__Items from a data source__.

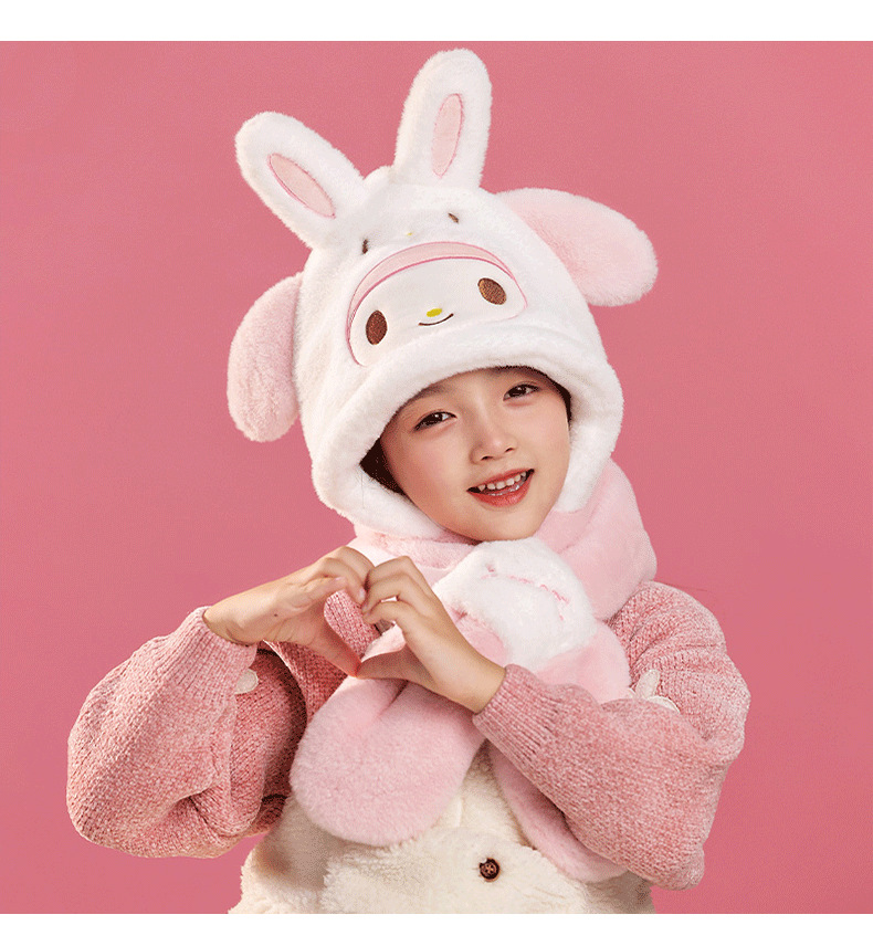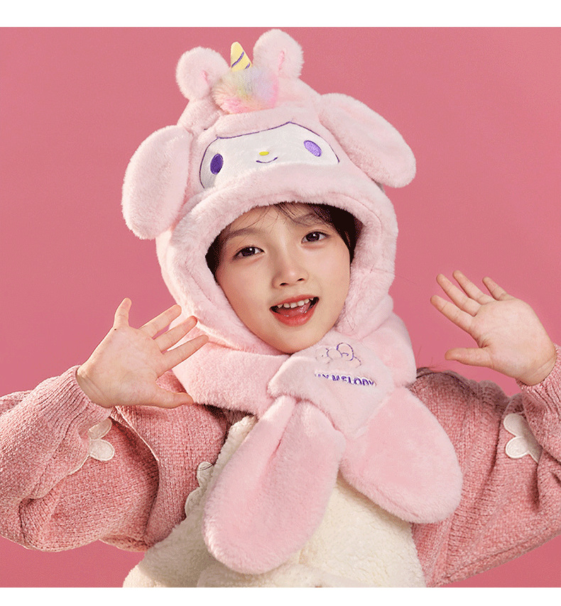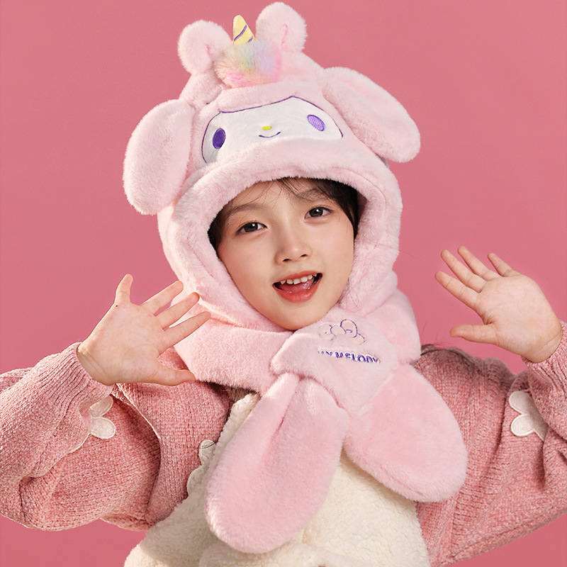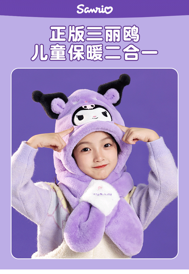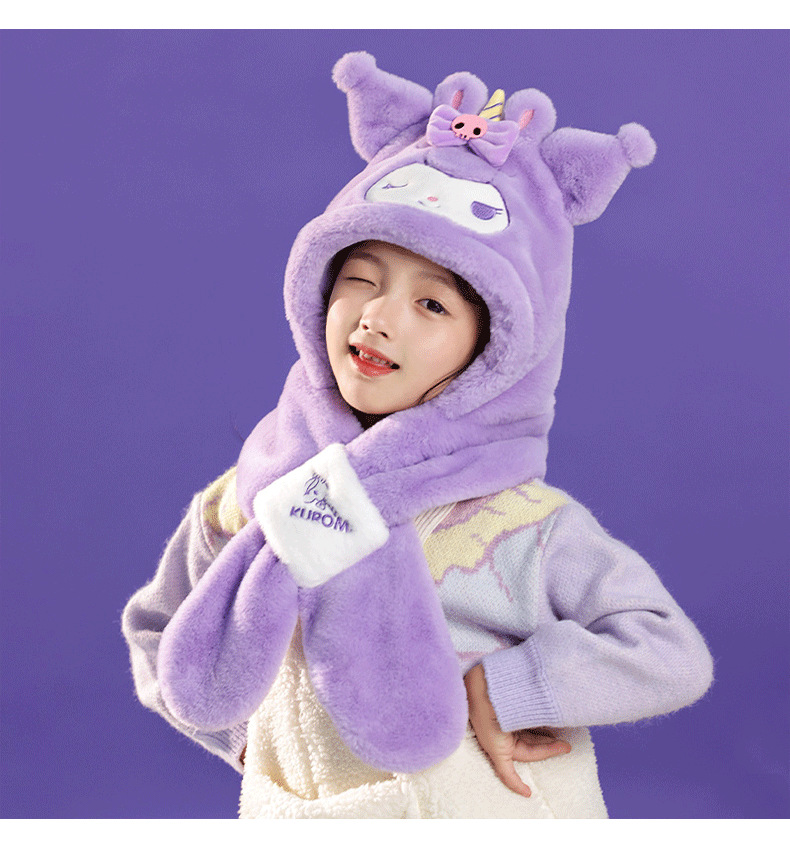 산리오 정품 Merlot Kulomi Gui Dog Parcha Dog 어린이 봉제 모자와 스카프 따뜻한 투피스 세트
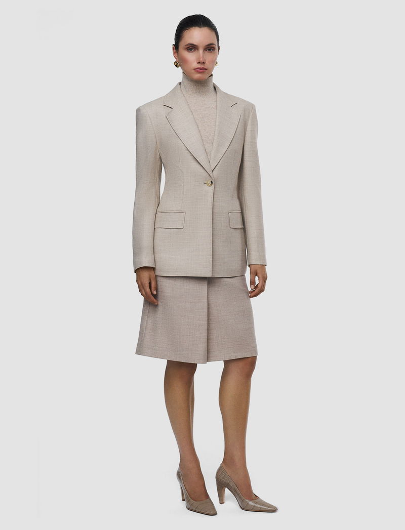 The Fallon Virgin Wool Jacket is a sculpted blazer crafted from virgin wool. A fluid tailoring piece, its smooth, woollen texture adds subtle structure and a sense of classic character. Its precision Y-darts at the waist define a slim, shaped silhouette.
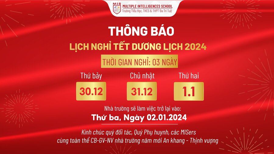 Kính chúc Quý đối tác, Quý Phụ huynh, các MISers cùng toàn thể Cán bộ, giáo viên, nhân viên đang công tác và làm việc tại MIS sẽ có một kỳ nghỉ lễ vui vẻ, hạnh phúc bên người thân và gia đình!
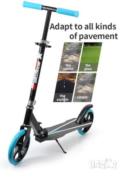 Тротинетка, скутер, Голяма тротинетка с големи гуми, колела 200мм за деца, възрастни, сгъваема 200mm
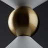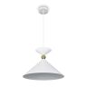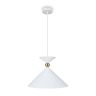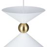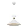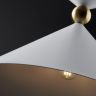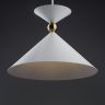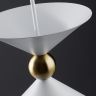 Арматура и плафоны из металла в двух цветах — белом и сером. Плафон состоит из 2-х конусов разных размеров, соединённых золотистым декоративным элементом. Высота регулируется. Идеальны для составления композиций. Источник света — лампа с цоколем Е27.

__EXERCISE REQUIREMENTS__.
Omit the pictures. Write out exactly the lines from the one containing "Kính chúc Quý" through the last line of the entries, both of them included.

__EXERCISE RESULT__.
 Kính chúc Quý đối tác, Quý Phụ huynh, các MISers cùng toàn thể Cán bộ, giáo viên, nhân viên đang công tác và làm việc tại MIS sẽ có một kỳ nghỉ lễ vui vẻ, hạnh phúc bên người thân và gia đình!
 Тротинетка, скутер, Голяма тротинетка с големи гуми, колела 200мм за деца, възрастни, сгъваема 200mm
 Арматура и плафоны из металла в двух цветах — белом и сером. Плафон состоит из 2-х конусов разных размеров, соединённых золотистым декоративным элементом. Высота регулируется. Идеальны для составления композиций. Источник света — лампа с цоколем Е27.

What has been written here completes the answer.